«Egli, gettato via il suo
mantello, balzò in piedi e venne da Gesù. Allora Gesù gli disse: Che cosa vuoi
che io faccia per te?. E il cieco gli rispose: Rabbunì, che io veda di
nuovo! E Gesù gli disse: Va', la tua fede ti ha salvato» (Mc 10, 46-52).
Abbiamo
visto nel vangelo di domenica scorsa come i discepoli si siano dimostrati ciechi
nei confronti di Gesù e della sua missione. Ebbene: oggi Marco torna sul tema
della cecità ponendo l’incontro con il cieco Bartimèo immediatamente prima
dell’ingresso di Gesù a Gerusalemme: come a dire che per comprendere il senso
della Sua vita e della Sua sofferenza, dobbiamo avere gli occhi penetranti della
fede, dobbiamo vedere perfettamente e soprattutto dobbiamo saper cosa vedere;
perché non basta avere gli occhi, anche se buoni, per dire “ci vedo!”.E sono i lontani, quelli con cui Gesù ha che fare occasionalmente, che riescono a “vederlo” nella maniera giusta: è il cieco del vangelo di oggi, che riacquistata la vista, si mette spontaneamente come discepolo al suo seguito, unico a seguirlo ad occhi aperti e consapevoli nel cammino della passione e della croce; è il centurione sul Golgota che, subito dopo la morte di Gesù ci vede improvvisamente chiaro quando esclama: «Veramente quest'uomo era Figlio di Dio» (15,41); il giorno dopo la morte, saranno delle pie donne “a vederci” e a capire tutto. Al contrario i più vicini, gli apostoli, i prescelti, i chiamati per nome, arriveranno “a vedere” dopo, molto dopo. La loro “storia” della passione è la storia di uomini che “non hanno visto niente”. Non sono riusciti, cioè, a penetrare il mistero, sono rimasti ciechi. Esattamente come succede nella nostra vita quando rimaniamo indifferenti, quando ci fermiamo alla superficie delle cose e degli eventi
Gesù dunque sta per lasciare Gerico quando improvvisamente, al suo passaggio, un uomo si mette a urlare: è Bartimèo, un cieco che chiede l’elemosina ai margini della strada. Dal suo nome gli esegeti risalgono alla sua personalità (Bar-timeo = figlio di Timeo; ora “tìmeo” = aver paura; quindi: figlio della paura); si tratta cioè di uno che è cieco nell’anima più che negli occhi; è uno che ha paura, che teme di affrontare la vita, che non crede più in sé, che si ritiene incapace di affrontare da solo la vita: e questa sua insicurezza, questa sua paura, lo costringe a fermarsi lungo la strada, a mendicare, a chiedere l’aiuto degli altri. È cieco, è vero. Ma un cieco che non vuol vedere.
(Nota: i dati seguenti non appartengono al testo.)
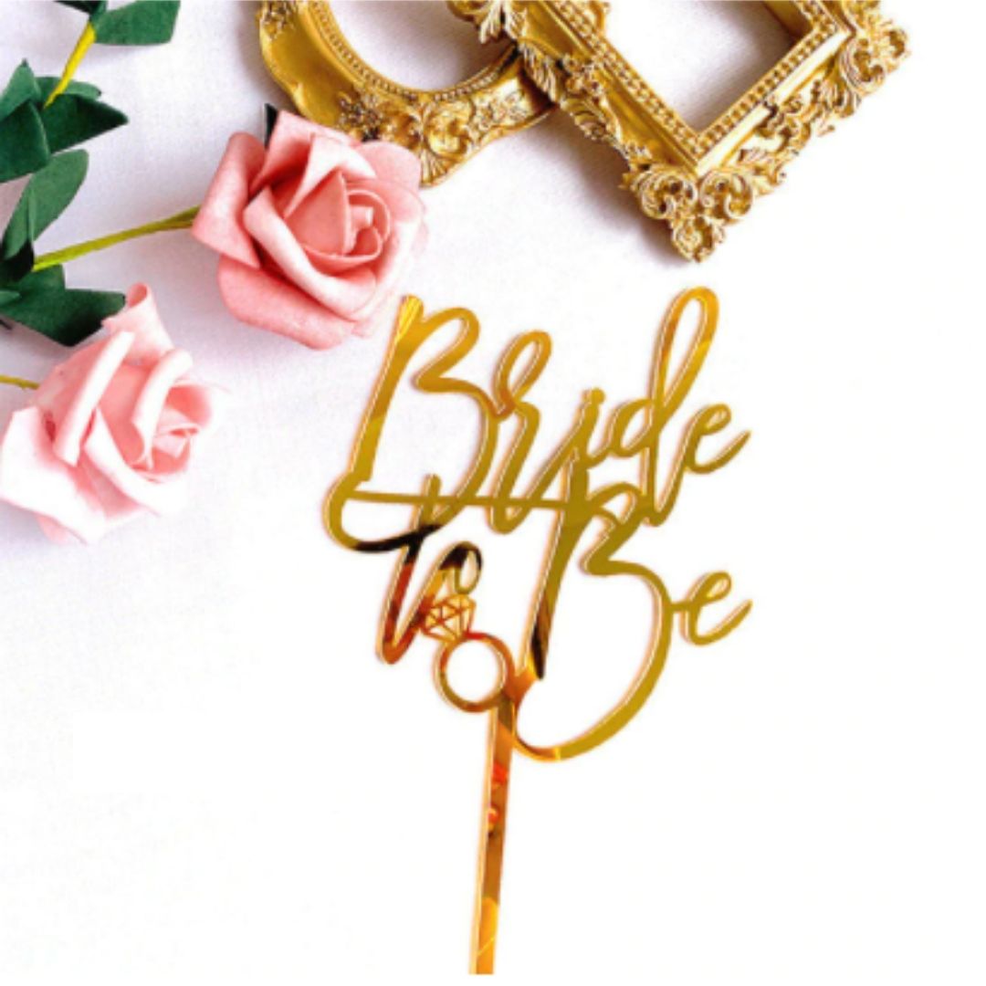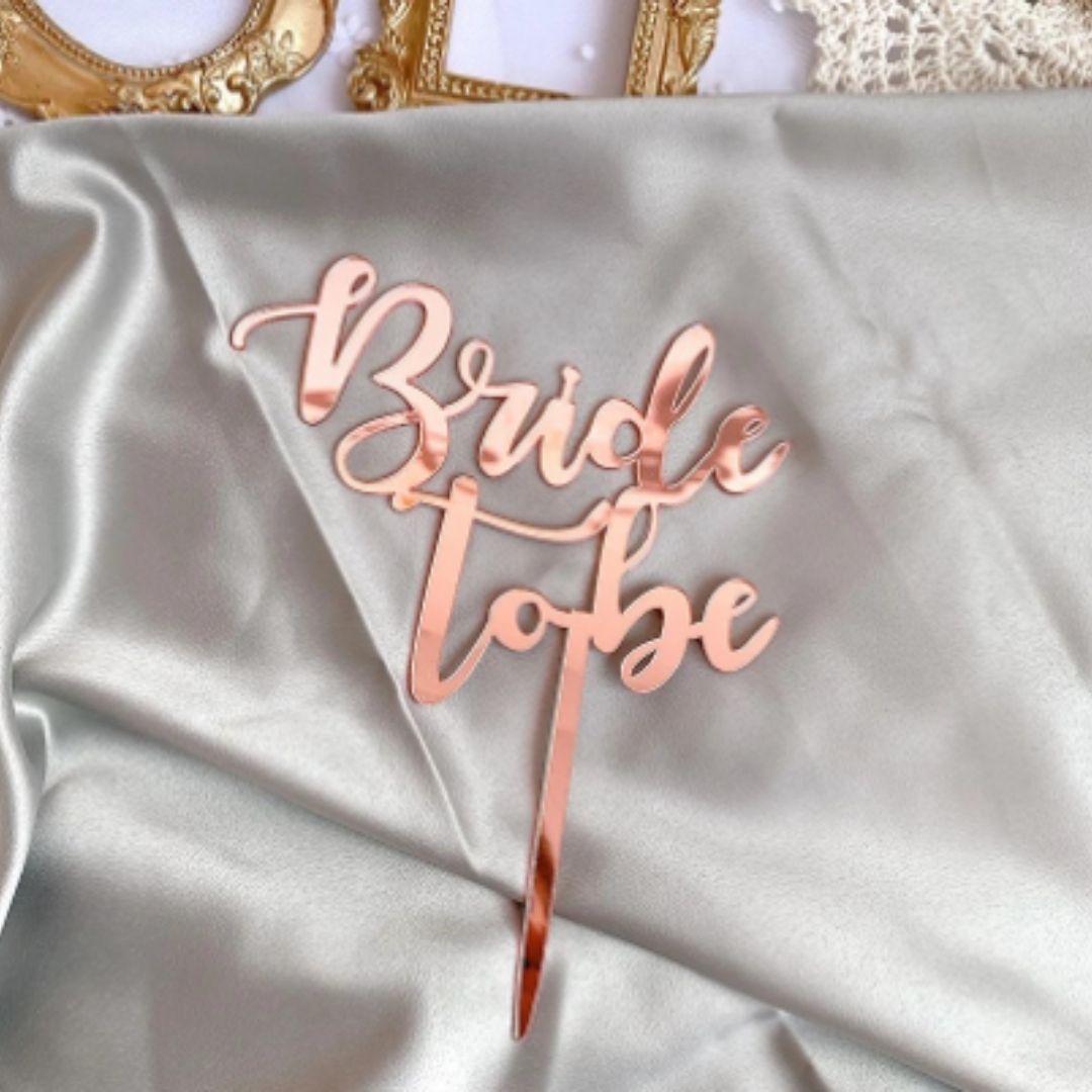 Topper de metacrilato: disponible en color dorado y color oro rosa. Con la inscripción Bride To Be.
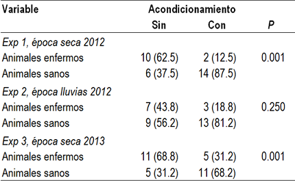 En los Exp 1 y 3, los becerros acondicionados tuvieron menos incidencia de enfermedades que los becerros del grupo testigo (P=0.001; Cuadro 4). En el Exp 2, la incidencia de animales enfermos fue similar entre ambos tratamientos durante los 112 días que duró el estudio.
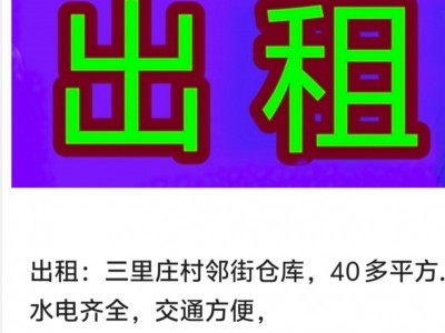 出租:三里庄村邻街仓库,40多平方,交通方便,水电齐全。
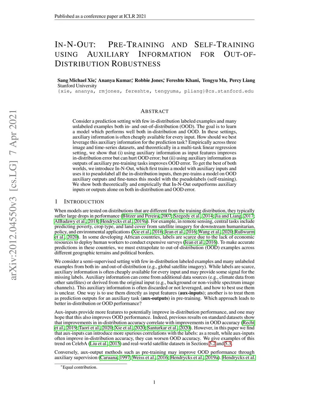 In-N-Out: Pre-Training and Self-Training using Auxiliary Information for
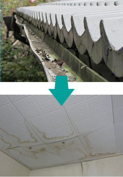 雨樋(雨どい)の最大の役目は「住宅の腐食を避けること」です。雨樋の故障をそのままにしておくと軒天が腐食し、いずれ内部にも雨水が侵入し天井まで侵食してしまうおそれがあります。普段はあまり気にかけることのない雨樋ですが、台風や雪により、雨樋が曲がったり、外れたりしていると、住宅への思わぬダメージにつながります。あなたの大切な住まいを守るためにも、ぜひ一度、雨樋の点検をおすすめします。
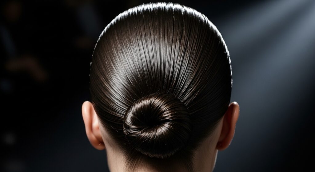 Apply a strong-hold gel or mousse to damp or dry hair to create a slicked-back effect. Gather the top section and form a tight, precise knot. This is a bold, high-fashion take on minimalism that embraces extreme sleekness and control.
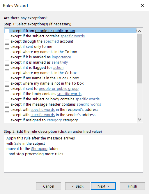 - You’ll next see a list of exceptions. You can optionally exclude certain emails from the rule. For instance, you may not want emails with attachments sent to the folder. Select Next.
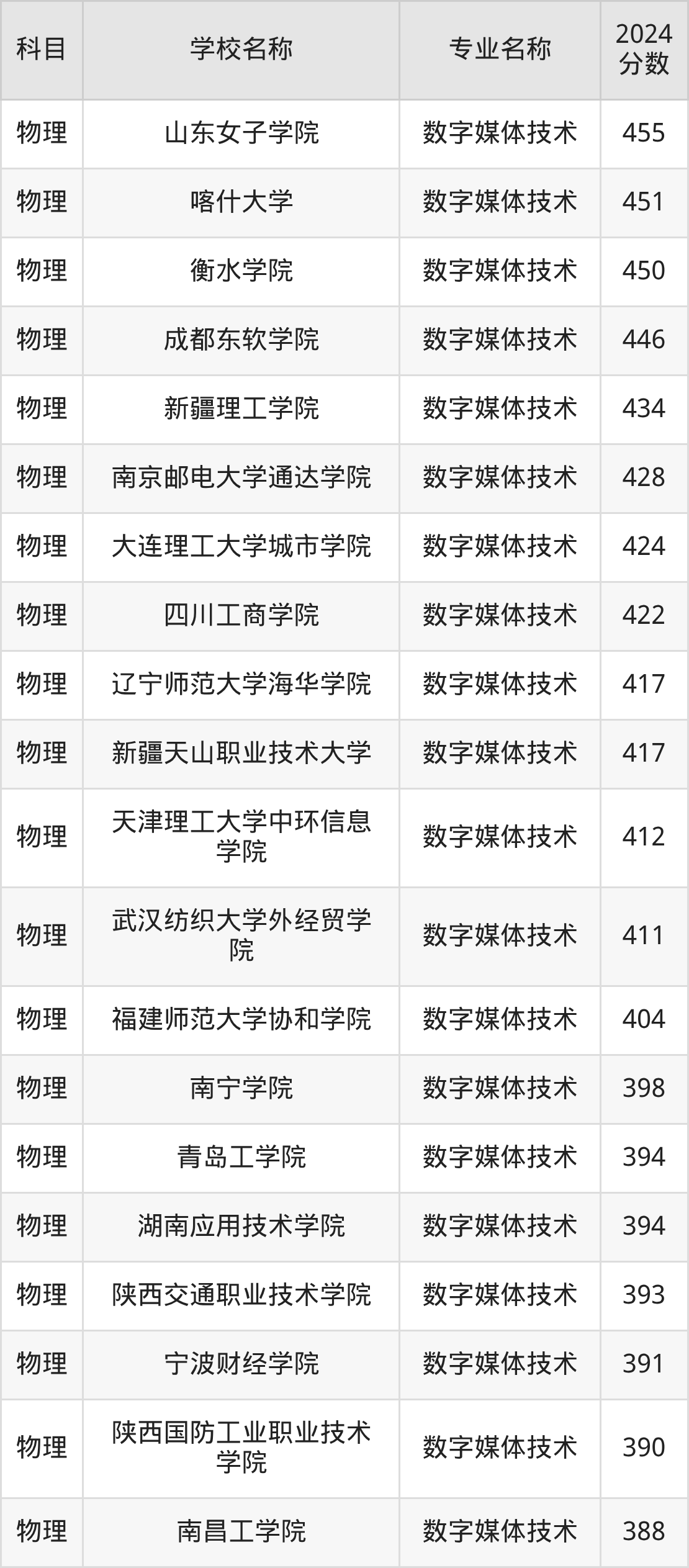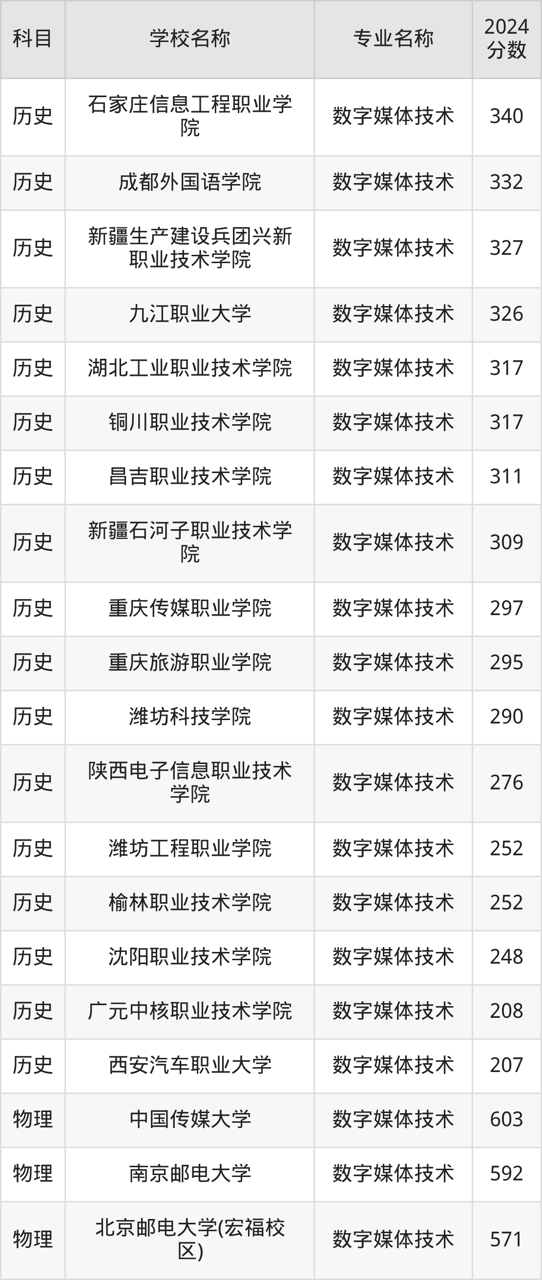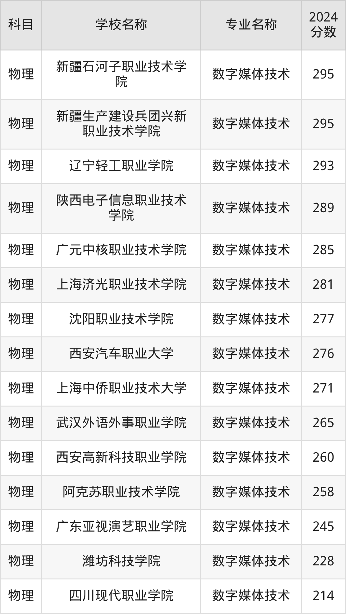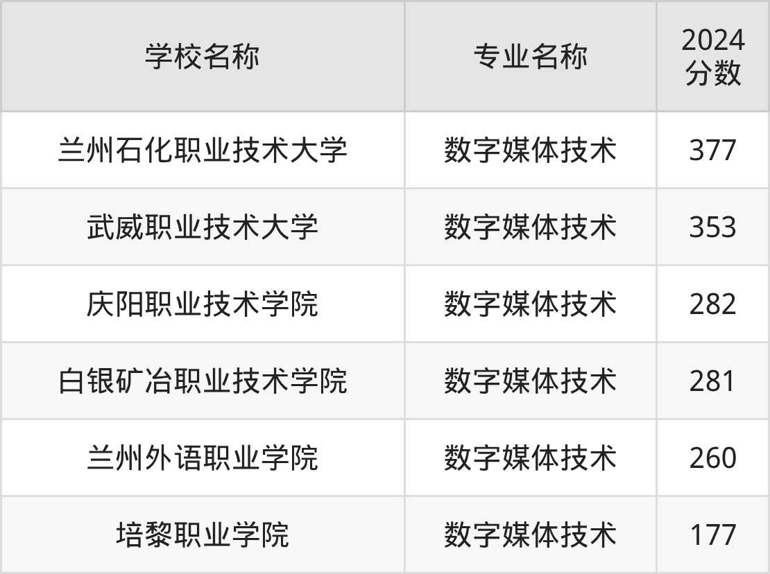 通过上文大家可以知晓,在甘肃省内招数字媒体技术专业的院校数量较少,所以下文将为2026届高考生继续展示:省外大学的数字媒体技术专业2024年在甘肃高考的录取情况,包含淄博职业技术大学、福州英华职业学院、湖南大众传媒职业技术学院、上海电子信息职业技术学院、湖南铁道职业技术学院。

Né più né meno di come siamo anche noi quando non vogliamo affrontare la realtà: chiudiamo gli occhi, rimuoviamo gli ostacoli; siamo convinti di vedere, ma brancoliamo nel buio. Ci comportiamo irrazionalmente: se non vediamo una cosa, pensiamo che non ci sia. Soltanto, fratelli, che questo metodo non funziona. Lo sappiamo che non funziona: eppure di fronte a certi dolori, a certe sofferenze della vita, alle quali non possiamo sottrarci, continuiamo a chiudere gli occhi. E non c’è niente che ce li faccia aprire: così ci lasciamo andare, diventiamo preda della depressione, ci diamo all'alcool, alla droga, agli eccessi: ci alieniamo, mendicando la carità altrui. Abbiamo paura di conoscerci, fuggiamo da noi stessi, dalla nostra anima. Ma il problema rimane, perché non potremo mai sfuggire a noi stessi. Diventare “ciechi”, per paura della sofferenza, della vita, è perfettamente inutile!
Il cieco è seduto lungo la strada: è ovvio perché quando non sappiamo chi siamo realmente, non sappiamo neppure dove andare, cosa fare. Allora chiediamo ansiosamente a destra e a sinistra: “Chi sono? Cosa devo fare? Come devo vivere?”; ci sentiamo persi, ci sentiamo impossibilitati a vedere; se guardassimo dentro di noi, non avremmo certo bisogno di elemosinare opinioni e consigli. Non volendolo fare, ci accontentiamo di vegetare: non abbiamo una direzione da seguire, siamo senza una meta precisa, non sappiamo come muoverci nella vita; ci accasciamo e vaghiamo stupidamente di qua e di là.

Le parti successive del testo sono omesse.